First published in Norway in 2017; published in translation by HarperVia on January 14, 2020
The End of the Ocean is told from two perspectives in alternating chapters. Signe’s story begins in the present. David’s begins about 20 years later, when a drought is threatening his life and that of his daughter Lou.
David, with his son, daughter, and wife Anna, left southern France to make his way to a camp. In light of the water shortage, David felt a responsibility to stay at the desalination plant where he worked, but the electricity upon which the plant depends is no longer reliable. It is ironic, he thinks, that coal-fired power plants contributed to global warming and thus to the water shortage, yet producing more fresh water depends on those same power plants.
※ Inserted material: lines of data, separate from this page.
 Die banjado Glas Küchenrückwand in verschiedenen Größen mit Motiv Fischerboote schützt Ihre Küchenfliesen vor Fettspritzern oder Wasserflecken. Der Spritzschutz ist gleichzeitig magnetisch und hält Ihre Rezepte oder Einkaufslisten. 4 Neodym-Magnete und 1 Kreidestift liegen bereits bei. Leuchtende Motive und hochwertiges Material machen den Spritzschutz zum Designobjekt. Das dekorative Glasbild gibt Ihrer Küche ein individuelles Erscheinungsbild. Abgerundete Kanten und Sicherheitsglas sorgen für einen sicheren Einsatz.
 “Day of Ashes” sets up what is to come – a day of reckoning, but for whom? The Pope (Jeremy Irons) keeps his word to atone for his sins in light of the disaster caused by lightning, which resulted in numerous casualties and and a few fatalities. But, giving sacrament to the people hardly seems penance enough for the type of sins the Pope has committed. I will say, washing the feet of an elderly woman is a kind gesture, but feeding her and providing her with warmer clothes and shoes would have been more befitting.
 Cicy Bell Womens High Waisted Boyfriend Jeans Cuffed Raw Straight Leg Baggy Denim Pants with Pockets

Seeing no end to the vicious cycle, Anna insists that they try their luck at a camp where they might at least be able to find food. A raging fire leaves them with little choice.
Before David’s story begins, David and Lou are separated from Anna and his son. David arrives at the camp and waits for his wife to appear. His story describes his tormented wait as the camp’s food and water supplies dwindle. His relationships with Lou and with a damaged woman named Marguerite who befriends Lou in the camp grow more difficult every day. Eventually their survival may depend on whether it rains again, filling a channel that will allow them to travel to the ocean, where David can use his expertise in desalination to provide them with water for the rest of their lives.
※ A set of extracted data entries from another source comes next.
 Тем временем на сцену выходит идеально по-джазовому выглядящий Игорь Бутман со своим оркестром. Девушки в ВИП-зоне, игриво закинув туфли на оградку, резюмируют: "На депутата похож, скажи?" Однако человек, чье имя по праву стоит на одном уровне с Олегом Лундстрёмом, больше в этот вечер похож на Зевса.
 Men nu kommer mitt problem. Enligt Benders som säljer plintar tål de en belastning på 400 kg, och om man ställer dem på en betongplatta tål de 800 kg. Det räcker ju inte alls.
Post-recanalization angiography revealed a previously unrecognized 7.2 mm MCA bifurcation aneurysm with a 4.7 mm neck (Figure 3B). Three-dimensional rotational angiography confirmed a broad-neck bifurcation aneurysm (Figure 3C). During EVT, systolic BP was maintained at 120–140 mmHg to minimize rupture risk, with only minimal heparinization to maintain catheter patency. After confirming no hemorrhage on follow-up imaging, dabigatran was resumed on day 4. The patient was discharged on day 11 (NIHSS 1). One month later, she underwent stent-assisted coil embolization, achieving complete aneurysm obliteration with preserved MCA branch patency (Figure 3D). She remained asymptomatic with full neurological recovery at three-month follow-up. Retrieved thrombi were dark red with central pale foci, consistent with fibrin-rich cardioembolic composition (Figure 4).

The present from which the elderly Signe narrates her story is lived on a boat that she sails from Norway to France. She plans to make a grand gesture with a load of glacier ice that, before she stole it, was intended for sale to the wealthy.
Much of Signe’s story is told in memory, adding a third time frame to the story. Signe grew up in a Norwegian village but made her life in Bergen. A company purchased water rights to the Sister Falls. It intended to divert the water to a power plant, destroying Norway’s most scenic waterfalls. Signe’s mother owns a significant share of the company. The plan will make her wealthy. Signe’s mother has already argued with her father about an earlier plan to divert the waters of a river, a plan that destroyed local agriculture.
Signe lived with Magnus, whose family lost its farm after the river ran dry. Magnus was an engineer who viewed the destruction of nature as inevitable, a sign of human grandeur. The rift between Signe’s parents will eventually replicate in Signe’s relationship with Magnus, as Signe’s long-term concern with the environment clashes with Magnus’ short-term desire to accumulate wealth. Signe’s protest against delivering pure glacier water to the wealthy when climate change threatens the availability of water for everyone begins the novel and plays a central role in its ending.
The End of the Ocean is a cautionary story of environmental destruction, but emotional honesty is the novel’s strength. The novel imagines good people making hard choices, compelling the reader to share each character’s agony. Can Signe bear to give birth to Magnus’ baby? Can David allow Marguerite into his life if sharing a dwindling water supply with her will threaten Lou’s survival? If short-term survival is a fundamentally selfish act, is it better not to prolong one’s life?
The reader will spot the ending that ties the two stories together long before it arrives, but it is the ending that the reader will want. The novel builds suspense in both timelines while raising the kind of serious ethical questions that book club members might enjoy debating.